A couple of days ago I received an email from Staples with a coupon offer. I get them semi-regularly and usually delete them as soon as they land in my inbox. The content and offers aren’t very relevant to the things I buy these days, but I haven’t unsubscribed because once in awhile, I figure the planets might align and I’ll get a good deal on something I need.
Since my high school junior had a project due and we were out of color printer ink, I thought I’d make use of the coupon and order some ink, having the product picked and held at the local Staples store for pickup.
When I clicked the link in the email coupon to redeem it, I was taken to the Staples web site and promptly shown an error message indicating the coupon had already been redeemed.
I tried a couple more times thinking it might have been my error, but that was not the case. Staples had a technical issue on their backend that was wrongly flagging my coupon code as “redeemed.” I deleted the useless coupon from my inbox and zipped right over to Amazon and ordered what my guy needed knowing that the items would be here in a couple days.
Later, I took to Twitter to share my experience. It took the folks at Staples awhile to reply and the customer service rep who intercepted my tweet asked me to send the offending coupon so they could “look into it.”
Here’s the synopsis:
- Staples had a customer in their funnel that was at the point of conversion; they succeeded in connecting with me at the precise moment I was ready to buy.
- Frustrated when the coupon didn’t work for me, I made a purchase at a competitor’s site.
- Because their email strategy wasn’t properly executed (I doubt that I was the only person who encountered this problem), the time and effort they put into the email campaign likely didn’t return the results they expected or wanted.
- Competitors like Amazon and the flawless shopping experience they provide set the bar high and make me less likely to waste a moment of my valuable time with another Staples email offer.
- Test your activation strategies, regardless of the channel.
- Be findable and listen carefully on social platforms (Twitter seems to be a first stop for complaints, so start there at the very least).
- Reply quickly to customer interactions, both good and bad.

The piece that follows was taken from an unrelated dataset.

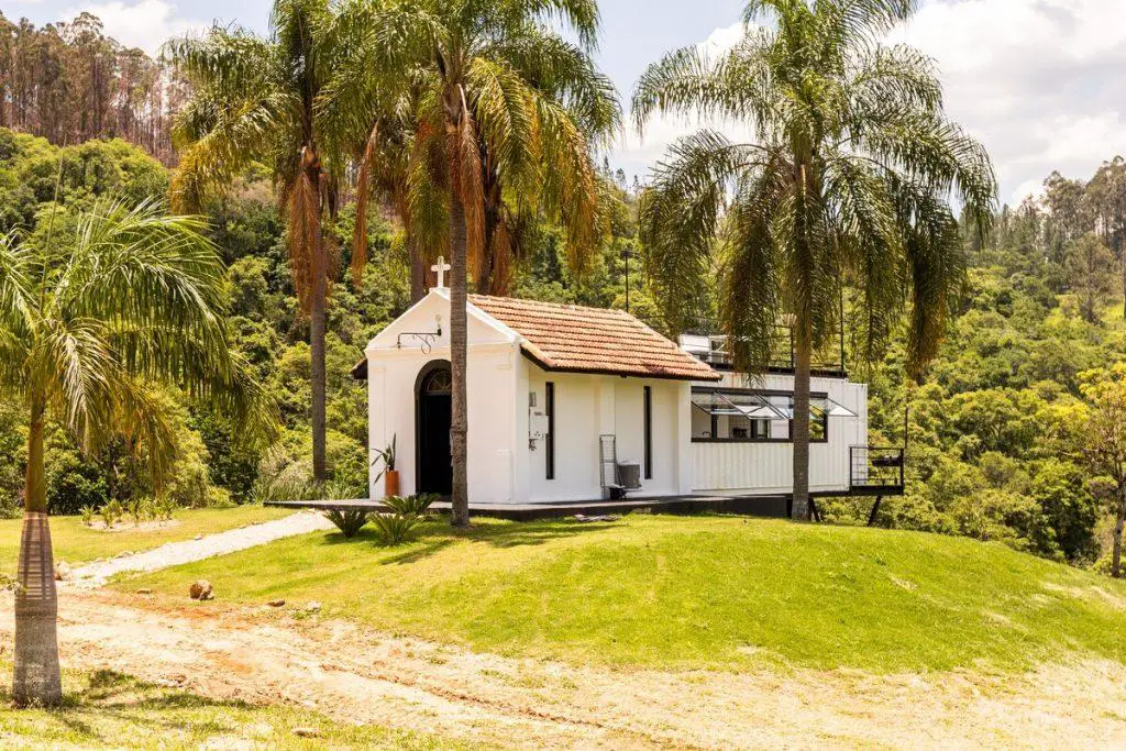 The chapel, which had been abandoned for many years transformed it into a modern home with minimalistic design using shipping containers.

It was about 15 hours before Staples replied to my Tweet. I understand that I sent the Tweet at almost 8:30pm and it was the holiday weekend, but that doesn’t matter to me. I want brands to focus on my needs, wants, and desires no matter what time it is. Period). Amazon does. That’s why they get my money more often than any other eCommerce vendor.

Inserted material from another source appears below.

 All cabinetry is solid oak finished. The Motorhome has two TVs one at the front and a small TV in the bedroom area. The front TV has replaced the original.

- Don’t make customers work – we’re busy enough. Like me, you’re just as likely to go to another vendor if the P&O (pain and overhead) Factor is too high. The Staples rep wanted me to send the coupon code so he/she could troubleshoot. In the amount of time it would have taken me to send the email, I hit up Amazon instead and placed my order.
- Test your activation strategies some more.
- Learn from your mistakes.
What about you – have you had a similar experience. Would you add anything to my prescriptive list?